BARBARA SHELLEY: BLOOD OF THE VAMPIRE: STILLS GALLERY AND REVIEW


Blood of the Vampire is one of those movies that is remarkable in its obscurity. It always gets at least a mention in various genre histories, as a thoughtful, different slant on vampires - but it rarely seems to go beyond that. Its very determination to be different fairly forces it into footnote status. I didn't notice any Interwebs hubbub to get Blood out on DVD, as with other genre oddities... heck, I didn't even know it had come out on DVD until I started narrowing down my options for this roundtable.
It all begins well, and traditionally enough, in "Transylvania - 1874". A title card superimposed over a moody matte painting informs us that "The most loathsome scourge ever to afflict this Earth was that of the Vampire. Nourishing itself on warm, living blood, the only known method of ending a vampire's reign of terror was to drive a wooden stake through its heart." And by golly, that is exactly what happens, as a canvas bag containing a body is thrown into an open grave and a burly executioner type hammers a stake into said heart, providing a properly scarlet background for our title. After everyone leaves, the requisite deformed hunchback servant kills the lone gravedigger and makes off with the body.
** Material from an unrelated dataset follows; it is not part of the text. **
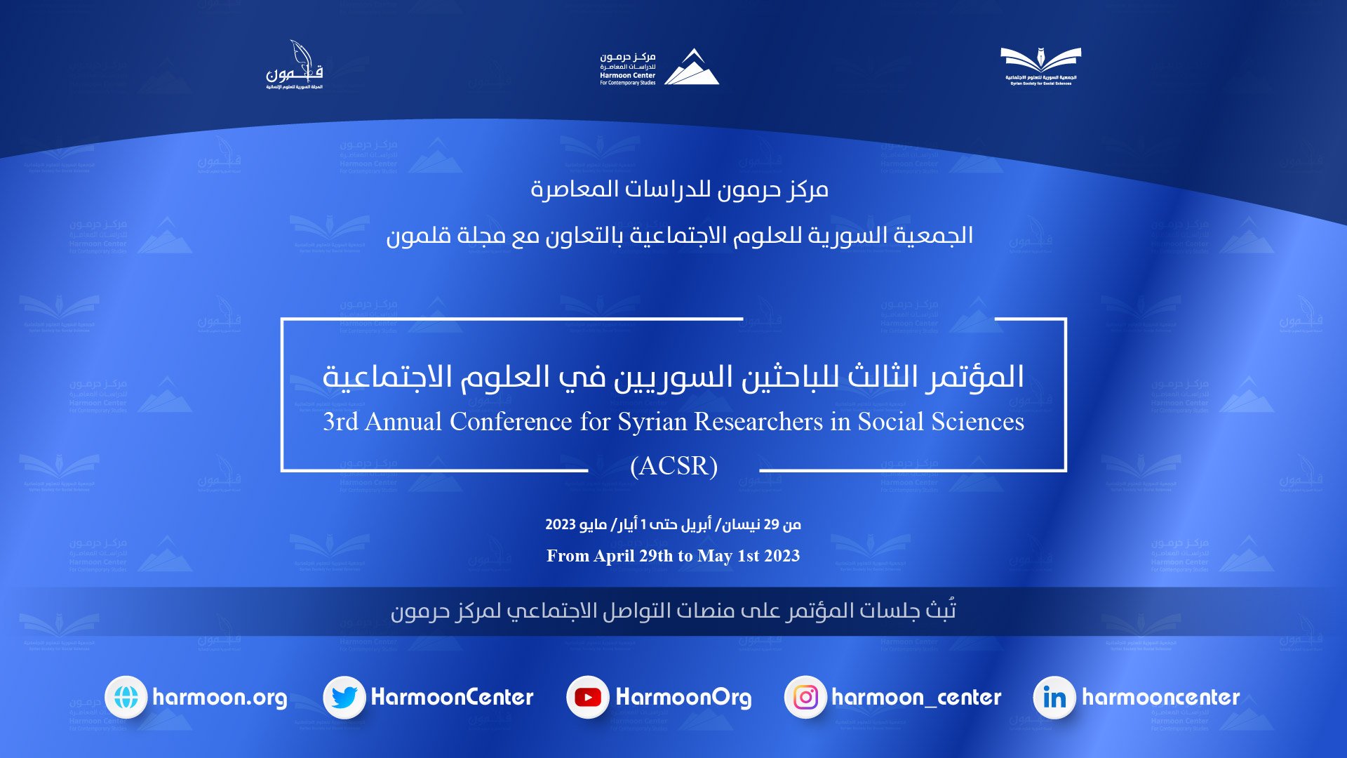 يعقد مركز حرمون للدراسات المعاصرة، وهو مركز أبحاث مستقل غير ربحي، بالتعاون مع قلمون "المجلة السورية للعلوم الإنسانية"، والجمعية السورية للعلوم الاجتماعية، المؤتمرَ السنوي الثالث للباحثين السوريين في العلوم الاجتماعية، وسيُعقد هذا المؤتمر السنويّ حضوريًا، بعد أن عُقد المؤتمران الأول والثاني عبر الإنترنت بسبب إغلاقات كورونا...
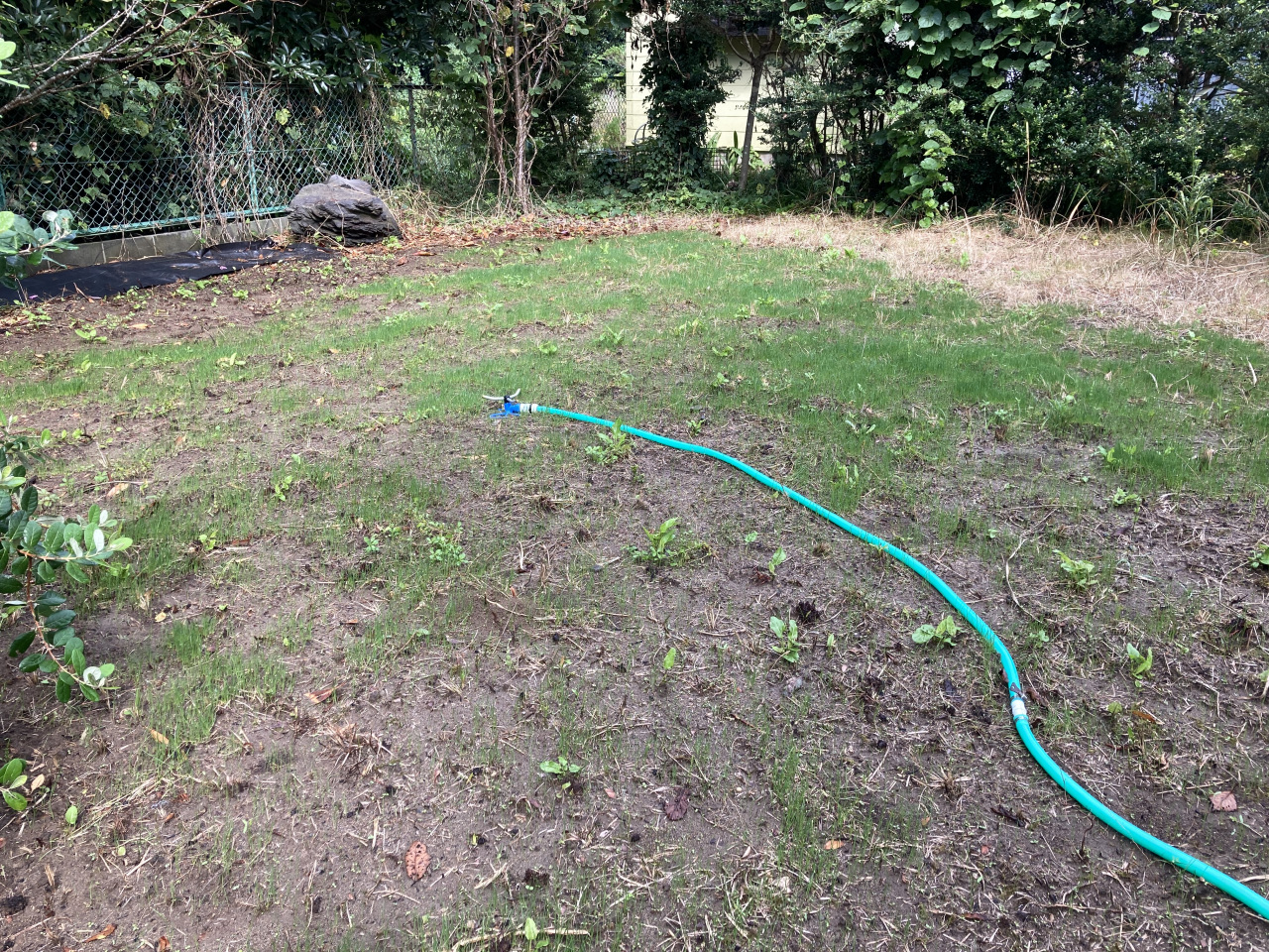 しばらくしたら、さらに種を追い蒔きして、目土を多少入れて、さらに芝生を増殖させたいと目論んでいる。

After that, everything starts to get a little non-standard.

The hunchback, whom we shall get to know as "Carl" (Victor Maddern) shows up at a local bar where the night's festivities are in full bawdy Hammer swing (though this is not a Hammer movie - but we're getting ahead of ourselves), causing everything to come to a dead stop. Except for one drunken doctor, who is (naturally) the fellow Carl has come to fetch. Reluctantly, the dissipated fellow leaves and accompanies Carl to some remote location, where it seems his agreed-upon task is nothing less than transplanting a new heart into the body from the first scene. After the operation is successfully completed, Dr. Dipso makes the all-too-common mistake of minor characters in these things, and threatens to go to the authorities unless he is given more money. Well, once he starts with the extortion talk, we're pretty sure Carl will be knifing him, and the movie does not disappoint.
Skip ahead to "Carlstadt - Six Years Later", and the trial of one Dr. John Pierre (and what a mixture of English and French is that name ) (and, oh yes, played by Vincent Ball). One of Pierre's patients has died, after Pierre attempted something radical to save him, and the court is shocked, shocked! that a doctor would do such a thing. A letter to Pierre's mentor prompts a return message that amounts to "Lock him up and throw away the key", so Pierre is sentenced to ten years in a penal colony. His fiancee, Madeleine (Barbara Shelley) vows to visit Pierre's mentor herself, so she misses everything when Pierre is transferred, instead, to a "Prison for the Criminal Insane", which has one of the better evil-face facades, not bettered until The Amityville Horror.

The Prison's governor, Dr. Callistratus (Donald Wolfitt) - who is universally feared by his inmates (and small wonder, as he's that dead body we saw in the first scene) - grants Pierre trustee status, removing him from his cell with the one other sane prisoner in the place, the wrongly-convicted Kurt (William Devlin), and into his own room. Callistratus needs a fellow doctor to assist him in his experiments with human blood. It is here, almost thirty minutes into the movie, that we discover the nature of Pierre's crime - he attempted to save his patient with a blood transfusion, but in 1880, the concept of blood typing was unknown (and would be for another 20 years). Callistratus, though has begun to suss out the blood group thing (well, come on, he also figured out transplant surgery), and sets Pierre to typing the blood of every inmate. Then Callistratus says, they will begin their greater task - isolating a previously unknown blood group with terrible, degenerative properties.
What we know (and Pierre and the rest of the inmates only suspect) is that Callistratus is draining certain of his prisoners of their blood and transfusing it into himself. His housekeeper makes the mistake of sneaking into the governor's private lab during one of these sessions, which gives Callistratus the opportunity to expand his experiment's horizons into female blood groups.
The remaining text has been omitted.